=== DATA EXCERPTS ===
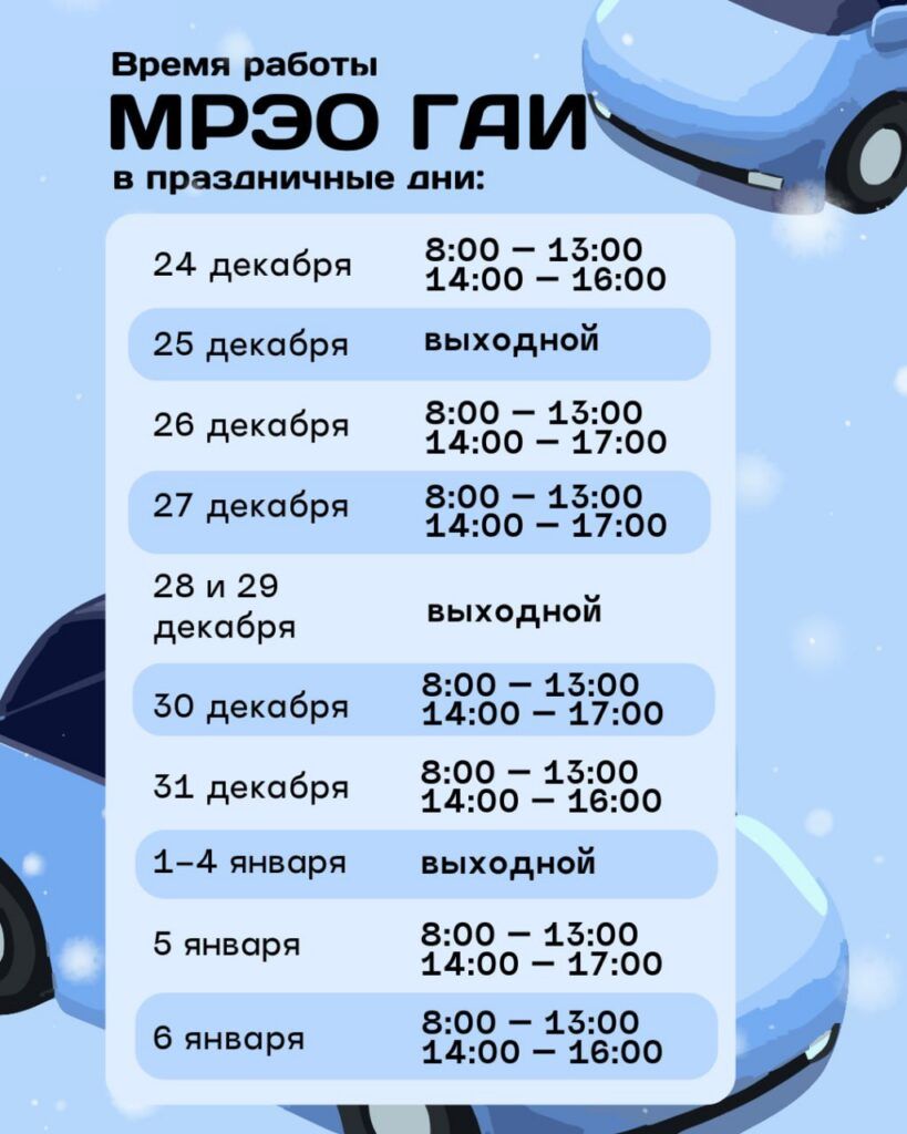 По какому графику будет работать МРЭО в предстоящие праздники, на пресс-конференции сообщил начальник ГУГАИ МОБ МВД Виктор Ротченков.
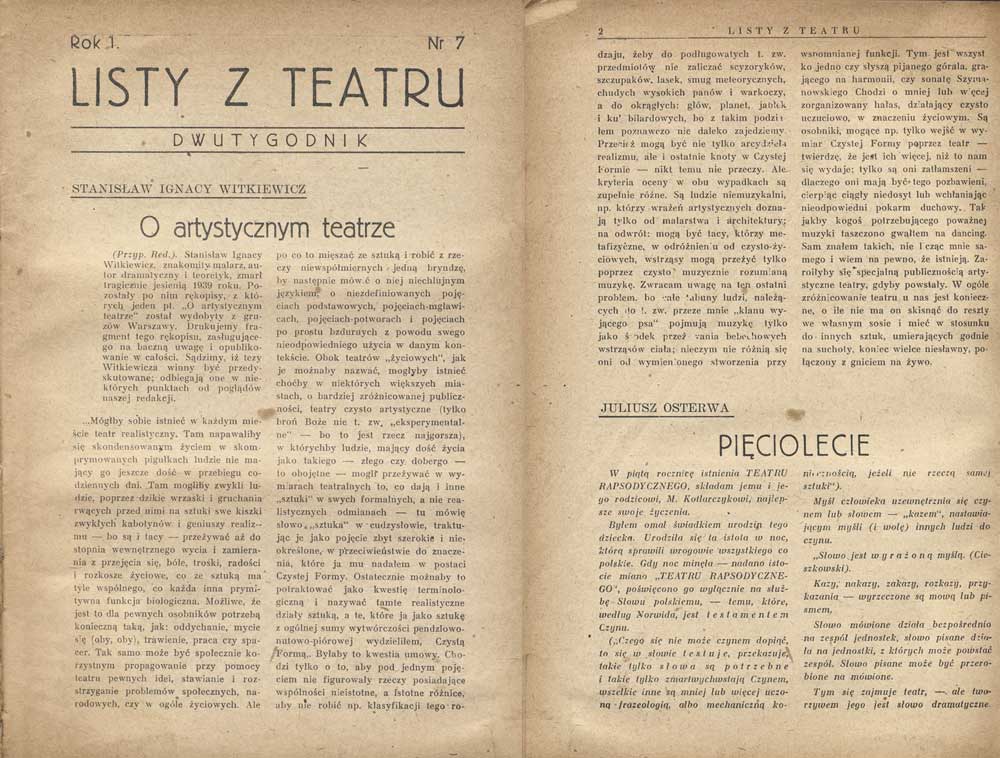 - S.I. Witkiewicz, O artystycznym teatrze, "Listy z teatru", dwutygodnik, Rok 1, nr 7, Kraków 1946.
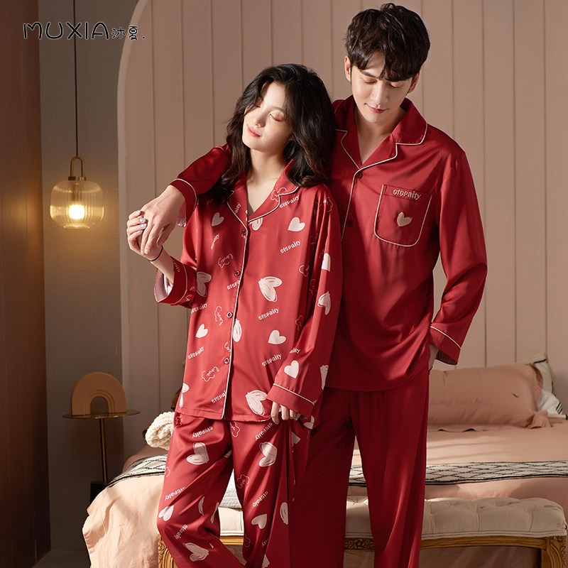 2022 New lovers sleepwear spring and summer thin section long sleeve ice silk one man and one woman married red home suit suit
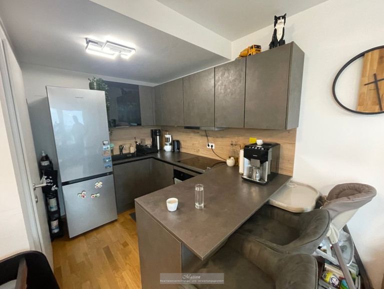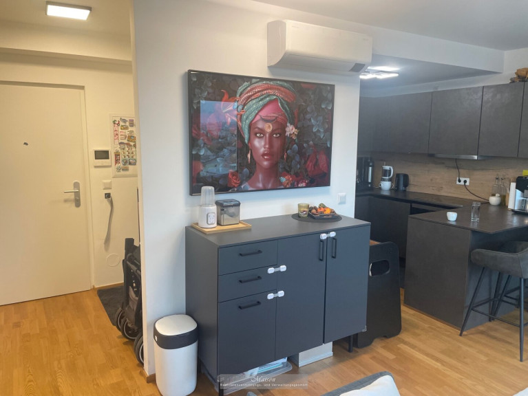 Die Wohnung ist mit hochwertigen Materialien ausgestattet, darunter stilvolle Fliesen und warmes Parkett, das für ein angenehmes Raumklima sorgt. Die Fußbodenheizung sorgt für wohlige Wärme in der kalten Jahreszeit und macht das Wohnen besonders komfortabel. In den heißen Jahreszeiten stehen 2 Klimaanlagen zur Verfügung. Die offene Wohnküche ist ideal für gesellige Abende mit Freunden oder romantische Dinner zu zweit. Ein Fliesenbad mit Walk-Inn-Dusche, separate Toilette mit Handwaschbecken und ein Abstellraum mit Waschmaschinen-Anschluss runden das Angebot ab.
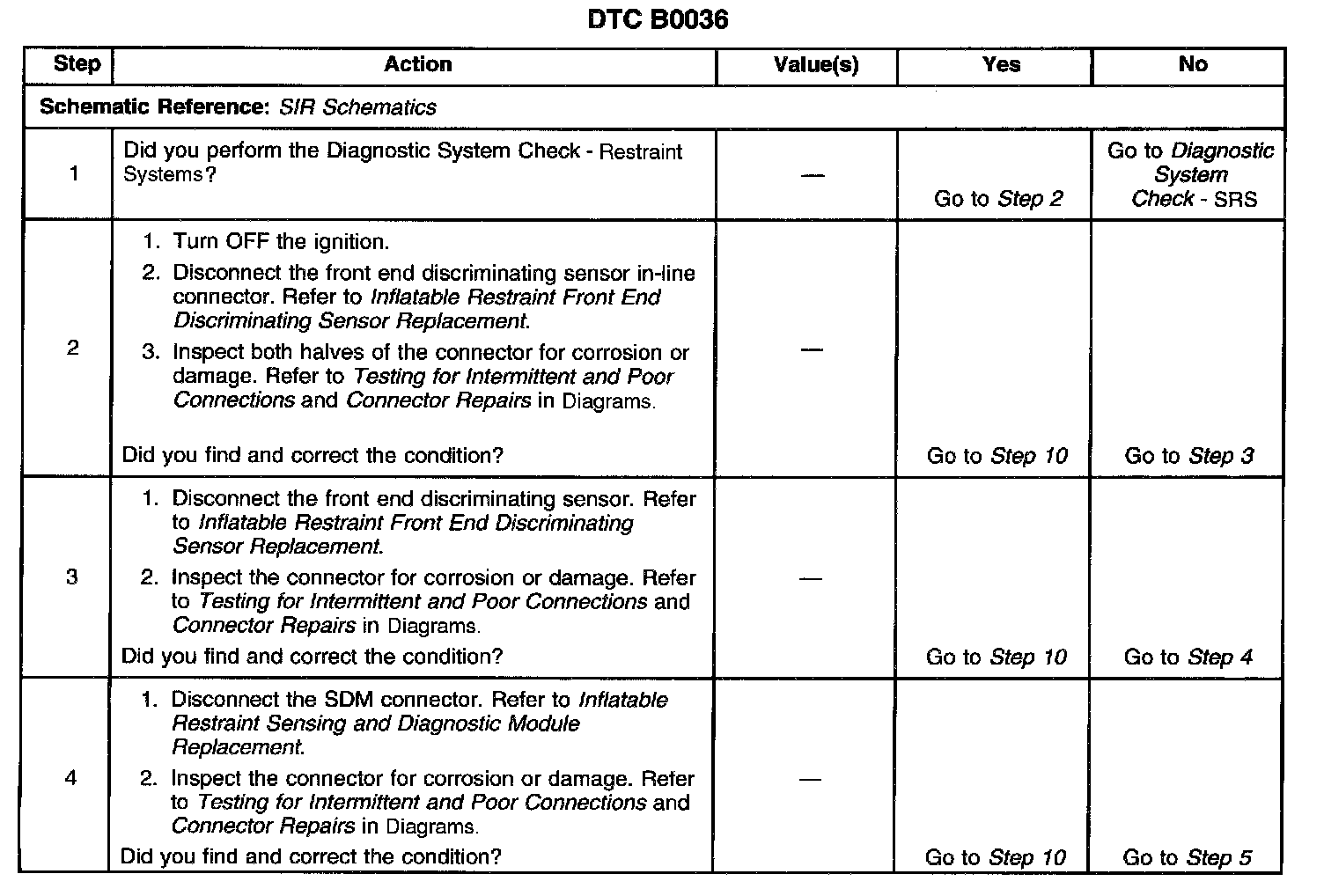 The numbers below refer to the step numbers on the diagnostic table:
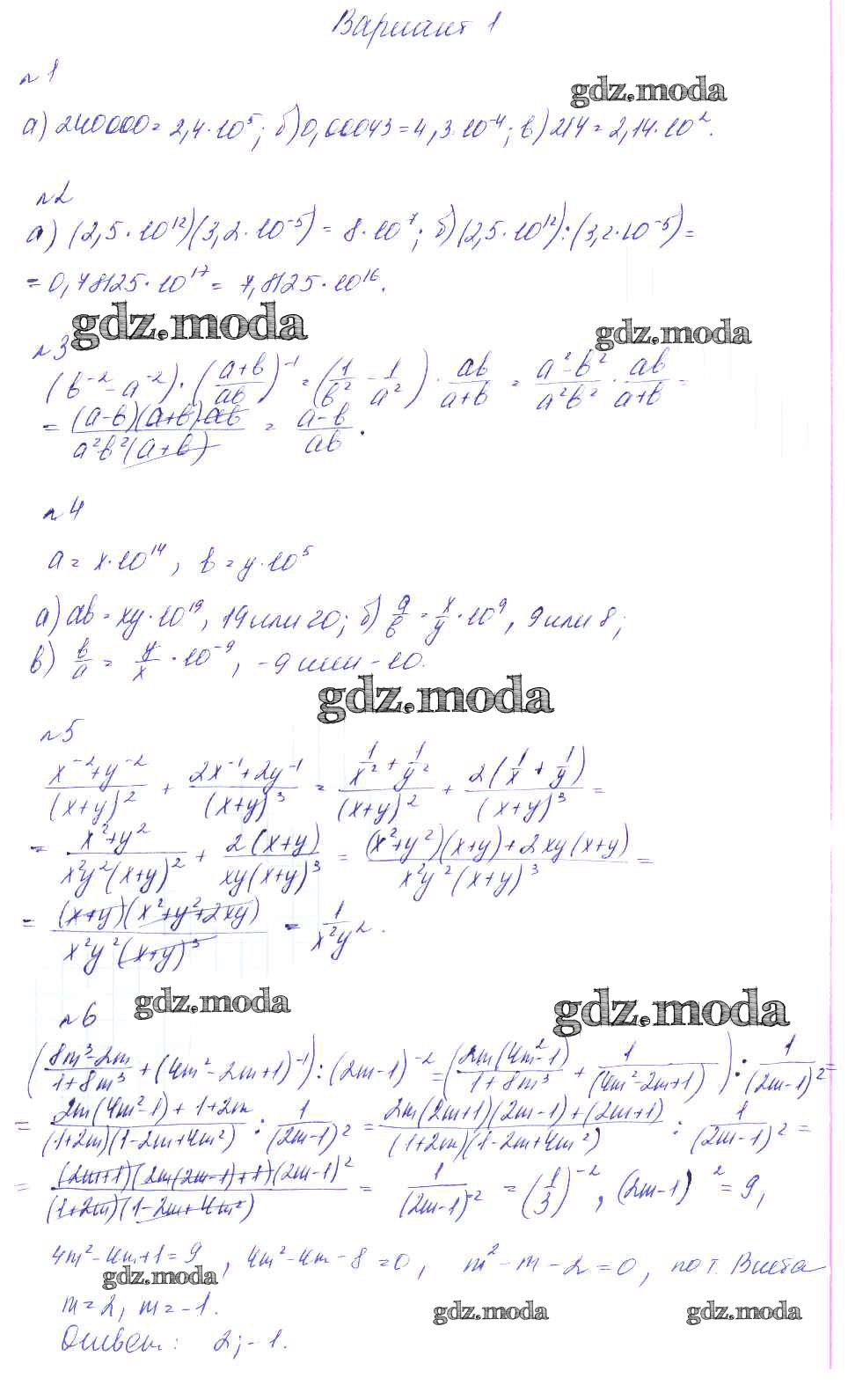 ГДЗ решение к заданию № вариант 1 Алгебра 8 класс Дидактические материалы Феоктистов Мнемозина 2013 ФГОС бесплатно на гдз.мода!
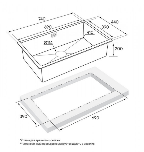 Размеры мойки 74х44х20см
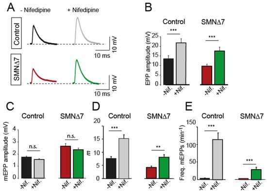 Nifedipine increases neurotransmission in rat, mouse, and frog motor nerve terminals in a Ca2+-dependent manner during postnatal maturation [24,25]. Here, we investigated whether nifedipine could do so at mouse motor nerve terminals of the SMA, highly vulnerable muscle transversus abdominis (TVA) at a time (postnatal day 9–11, P9–11) in which the electrophysiological alterations were already significant [18,31].
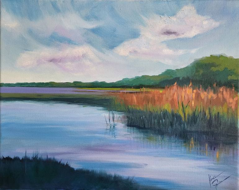 A peaceful lakeside view, where the stillness of the water reflects the vast sky and the warmth of golden reeds. Inspired by Limbaži Lake in Latvia, this artwork captures the beauty of untouched nature and the serenity of quiet moments by the water. The soft color transitions in the sky and delicat...
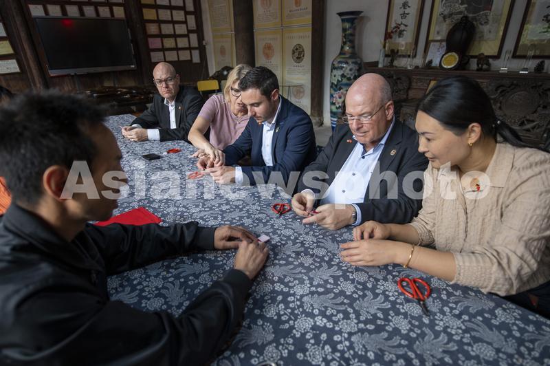 图片说明:2023年10月27日,浙江省金华市剪纸博物馆,德国友人在学习剪纸工艺,体验中国传统艺术的独特魅力。
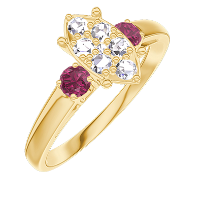 « L'ATELIER » N. 211342Anello Oro giallo 9 carati - Cluster di diamanti naturali Marchesa equivalente 1 - Pietre laterali Rubino
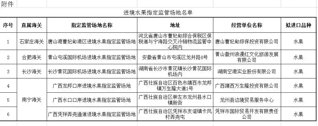 海关总署在官方网站()公布《进境水果指定监管场地名单》,并实施动态管理。
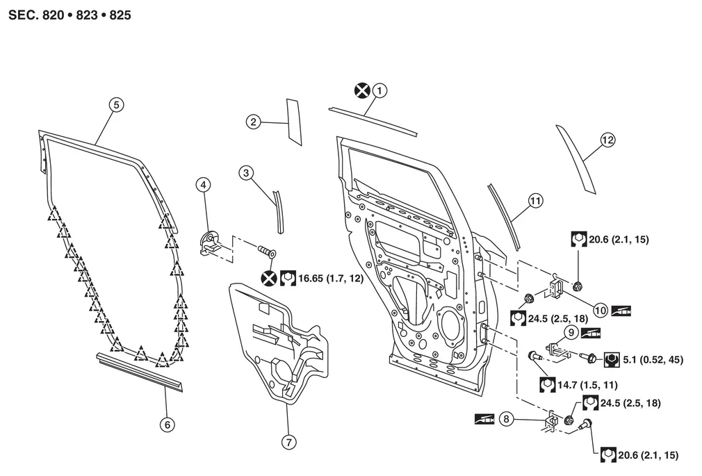 | 10. | Rear door upper hinge | 11. | Rear door sash front tape | 12. | Rear door outside front tape |

=== WHAT YOU ARE ASKED TO DO ===
Your reply should hold every line above exactly as written and none of the pictures.

=== TASK SOLUTION ===
 По какому графику будет работать МРЭО в предстоящие праздники, на пресс-конференции сообщил начальник ГУГАИ МОБ МВД Виктор Ротченков.
 - S.I. Witkiewicz, O artystycznym teatrze, "Listy z teatru", dwutygodnik, Rok 1, nr 7, Kraków 1946.
 2022 New lovers sleepwear spring and summer thin section long sleeve ice silk one man and one woman married red home suit suit
 Die Wohnung ist mit hochwertigen Materialien ausgestattet, darunter stilvolle Fliesen und warmes Parkett, das für ein angenehmes Raumklima sorgt. Die Fußbodenheizung sorgt für wohlige Wärme in der kalten Jahreszeit und macht das Wohnen besonders komfortabel. In den heißen Jahreszeiten stehen 2 Klimaanlagen zur Verfügung. Die offene Wohnküche ist ideal für gesellige Abende mit Freunden oder romantische Dinner zu zweit. Ein Fliesenbad mit Walk-Inn-Dusche, separate Toilette mit Handwaschbecken und ein Abstellraum mit Waschmaschinen-Anschluss runden das Angebot ab.
 The numbers below refer to the step numbers on the diagnostic table:
 ГДЗ решение к заданию № вариант 1 Алгебра 8 класс Дидактические материалы Феоктистов Мнемозина 2013 ФГОС бесплатно на гдз.мода!
 Размеры мойки 74х44х20см
 Nifedipine increases neurotransmission in rat, mouse, and frog motor nerve terminals in a Ca2+-dependent manner during postnatal maturation [24,25]. Here, we investigated whether nifedipine could do so at mouse motor nerve terminals of the SMA, highly vulnerable muscle transversus abdominis (TVA) at a time (postnatal day 9–11, P9–11) in which the electrophysiological alterations were already significant [18,31].
 A peaceful lakeside view, where the stillness of the water reflects the vast sky and the warmth of golden reeds. Inspired by Limbaži Lake in Latvia, this artwork captures the beauty of untouched nature and the serenity of quiet moments by the water. The soft color transitions in the sky and delicat...
 图片说明:2023年10月27日,浙江省金华市剪纸博物馆,德国友人在学习剪纸工艺,体验中国传统艺术的独特魅力。
 « L'ATELIER » N. 211342Anello Oro giallo 9 carati - Cluster di diamanti naturali Marchesa equivalente 1 - Pietre laterali Rubino
 海关总署在官方网站()公布《进境水果指定监管场地名单》,并实施动态管理。
 | 10. | Rear door upper hinge | 11. | Rear door sash front tape | 12. | Rear door outside front tape |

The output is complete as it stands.